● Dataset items
● ● ● ● ●
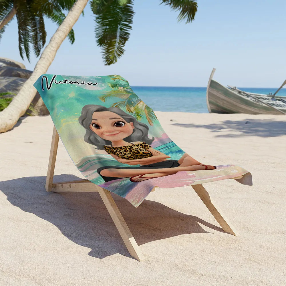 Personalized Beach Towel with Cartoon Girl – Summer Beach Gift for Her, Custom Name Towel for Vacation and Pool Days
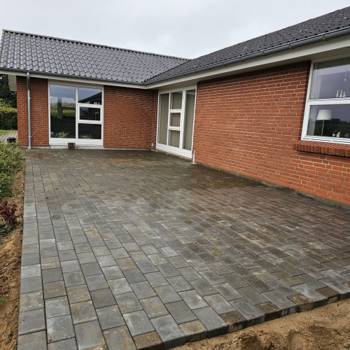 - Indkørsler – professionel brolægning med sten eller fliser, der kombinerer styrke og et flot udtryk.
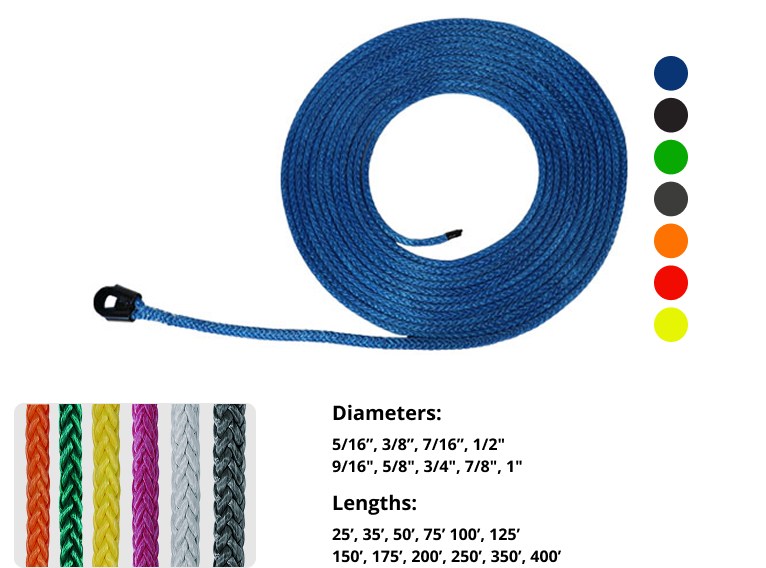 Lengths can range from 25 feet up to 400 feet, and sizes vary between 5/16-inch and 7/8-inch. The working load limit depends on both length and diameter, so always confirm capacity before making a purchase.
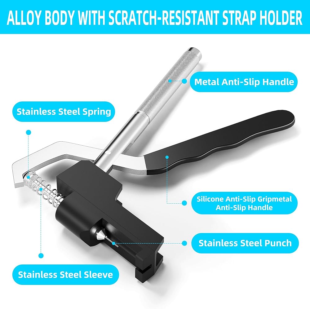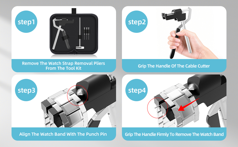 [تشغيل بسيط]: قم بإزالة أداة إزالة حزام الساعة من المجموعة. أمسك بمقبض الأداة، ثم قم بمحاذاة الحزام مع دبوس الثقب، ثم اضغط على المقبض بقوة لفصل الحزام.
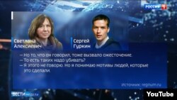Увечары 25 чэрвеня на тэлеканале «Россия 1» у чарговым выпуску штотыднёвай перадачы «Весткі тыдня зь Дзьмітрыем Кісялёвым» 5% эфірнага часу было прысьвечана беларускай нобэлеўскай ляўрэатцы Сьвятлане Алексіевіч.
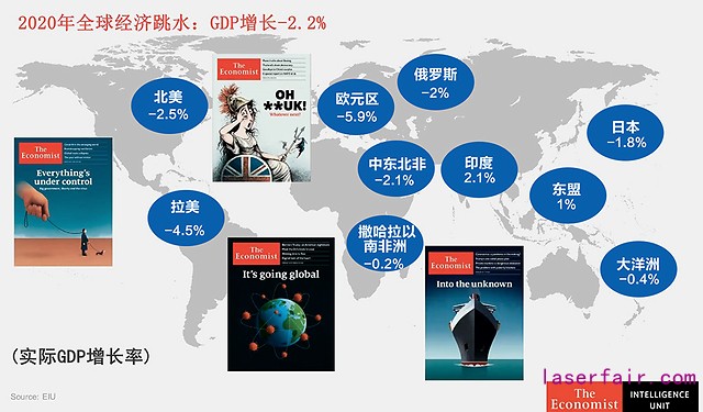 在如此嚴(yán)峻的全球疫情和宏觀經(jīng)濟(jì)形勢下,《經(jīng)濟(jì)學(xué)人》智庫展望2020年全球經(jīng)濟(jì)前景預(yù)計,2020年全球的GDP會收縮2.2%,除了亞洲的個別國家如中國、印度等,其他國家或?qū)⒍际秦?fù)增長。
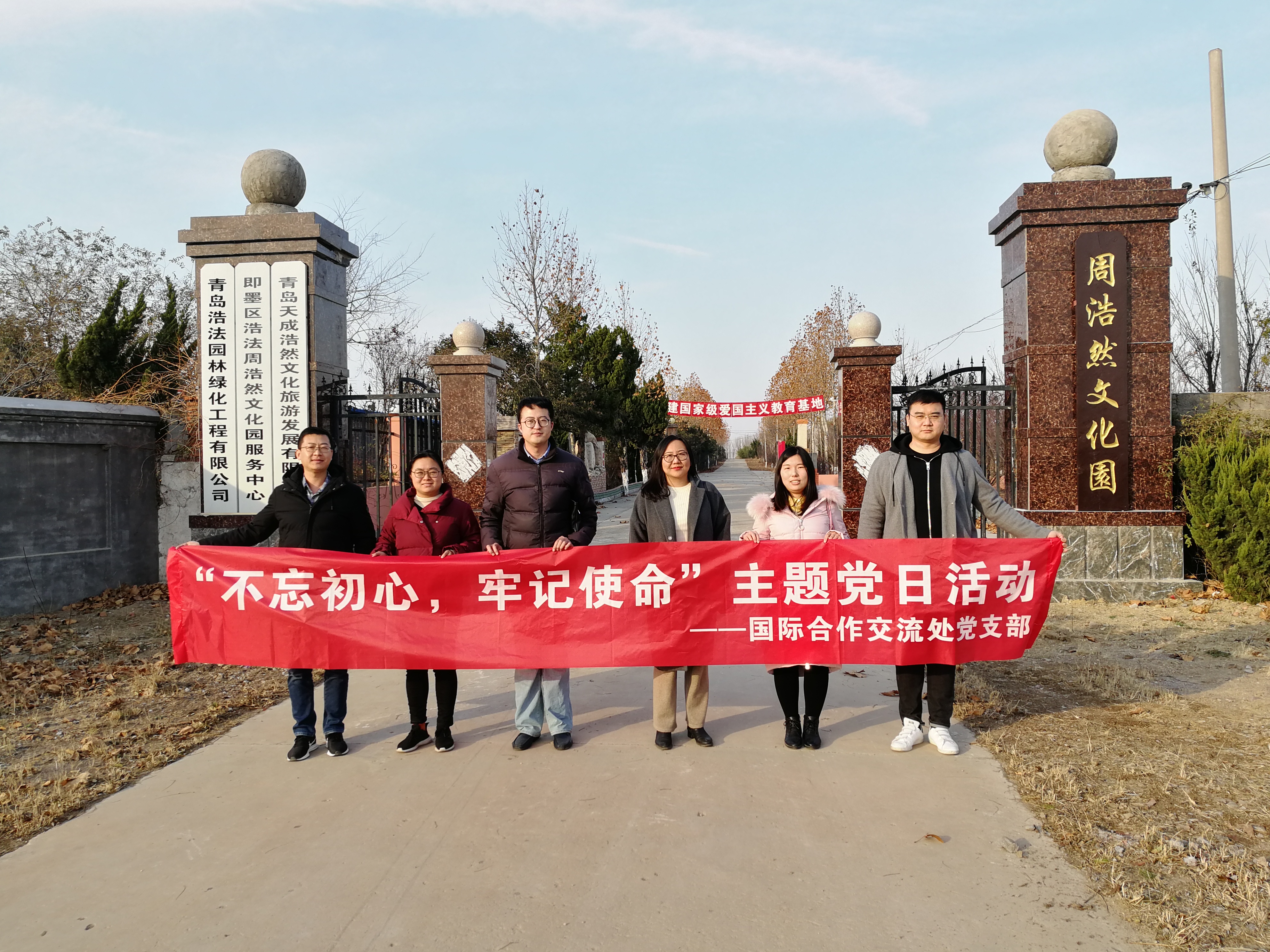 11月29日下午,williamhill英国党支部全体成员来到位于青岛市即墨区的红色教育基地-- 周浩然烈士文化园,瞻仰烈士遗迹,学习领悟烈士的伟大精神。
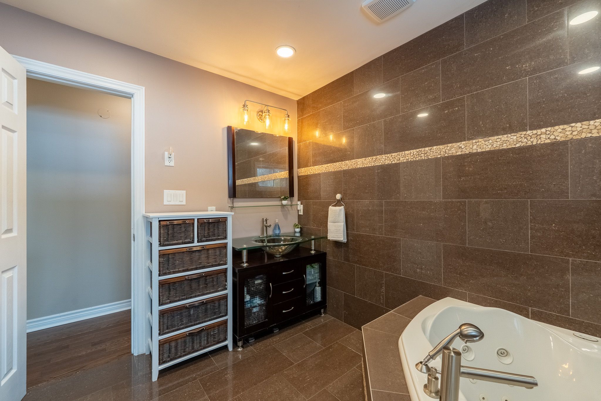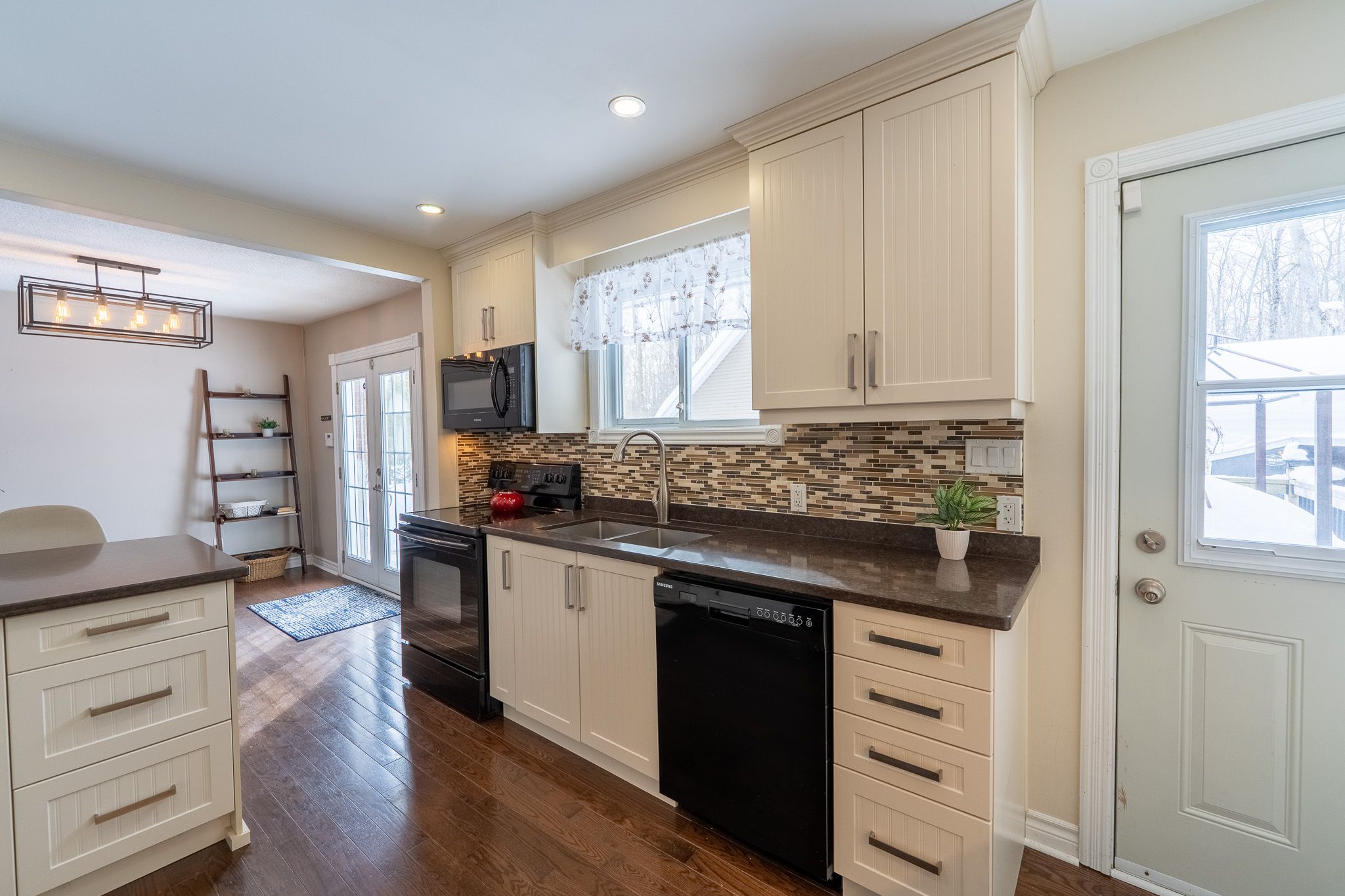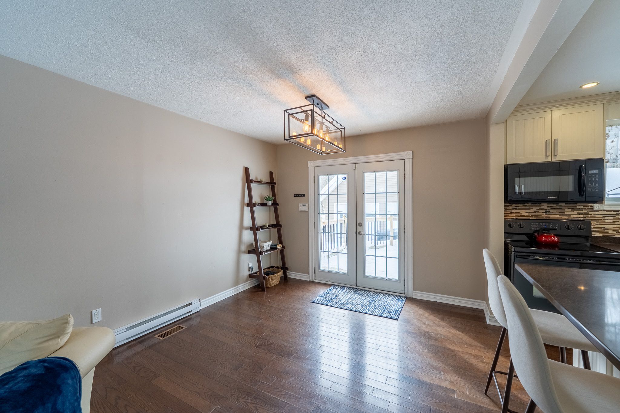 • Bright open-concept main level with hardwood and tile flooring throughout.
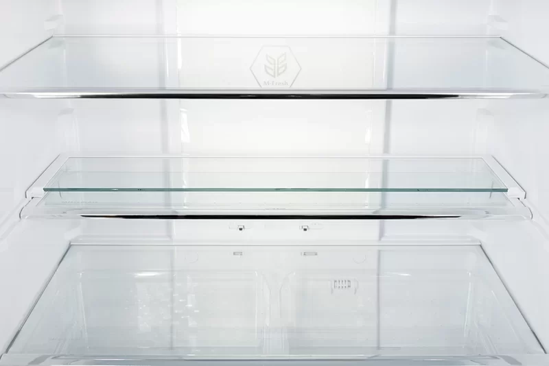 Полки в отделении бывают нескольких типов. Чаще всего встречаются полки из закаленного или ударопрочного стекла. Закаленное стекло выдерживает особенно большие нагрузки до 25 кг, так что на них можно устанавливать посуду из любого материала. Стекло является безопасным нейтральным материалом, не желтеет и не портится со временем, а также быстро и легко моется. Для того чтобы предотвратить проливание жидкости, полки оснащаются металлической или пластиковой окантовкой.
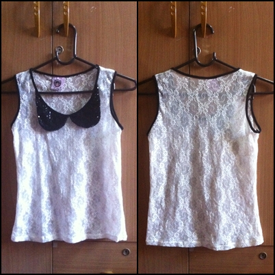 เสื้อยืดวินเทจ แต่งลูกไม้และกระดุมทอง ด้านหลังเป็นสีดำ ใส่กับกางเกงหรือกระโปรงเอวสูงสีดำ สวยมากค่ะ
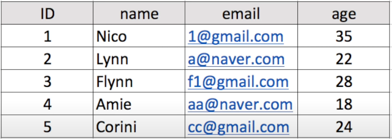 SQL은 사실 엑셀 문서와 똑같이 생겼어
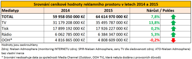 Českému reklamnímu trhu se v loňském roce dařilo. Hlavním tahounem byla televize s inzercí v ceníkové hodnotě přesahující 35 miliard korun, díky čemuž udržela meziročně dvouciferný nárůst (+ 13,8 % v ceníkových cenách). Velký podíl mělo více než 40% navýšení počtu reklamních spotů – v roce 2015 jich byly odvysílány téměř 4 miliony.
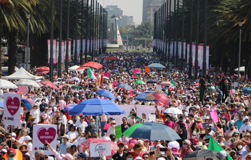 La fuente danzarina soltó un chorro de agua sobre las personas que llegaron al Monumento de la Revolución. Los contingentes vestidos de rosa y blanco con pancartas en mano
● ● ● ● ●
No pictures should appear in the copy, which holds exactly the lines from the first line of the data through the line with "[تشغيل بسيط]: قم" and nothing else.

 Personalized Beach Towel with Cartoon Girl – Summer Beach Gift for Her, Custom Name Towel for Vacation and Pool Days
 - Indkørsler – professionel brolægning med sten eller fliser, der kombinerer styrke og et flot udtryk.
 Lengths can range from 25 feet up to 400 feet, and sizes vary between 5/16-inch and 7/8-inch. The working load limit depends on both length and diameter, so always confirm capacity before making a purchase.
 [تشغيل بسيط]: قم بإزالة أداة إزالة حزام الساعة من المجموعة. أمسك بمقبض الأداة، ثم قم بمحاذاة الحزام مع دبوس الثقب، ثم اضغط على المقبض بقوة لفصل الحزام.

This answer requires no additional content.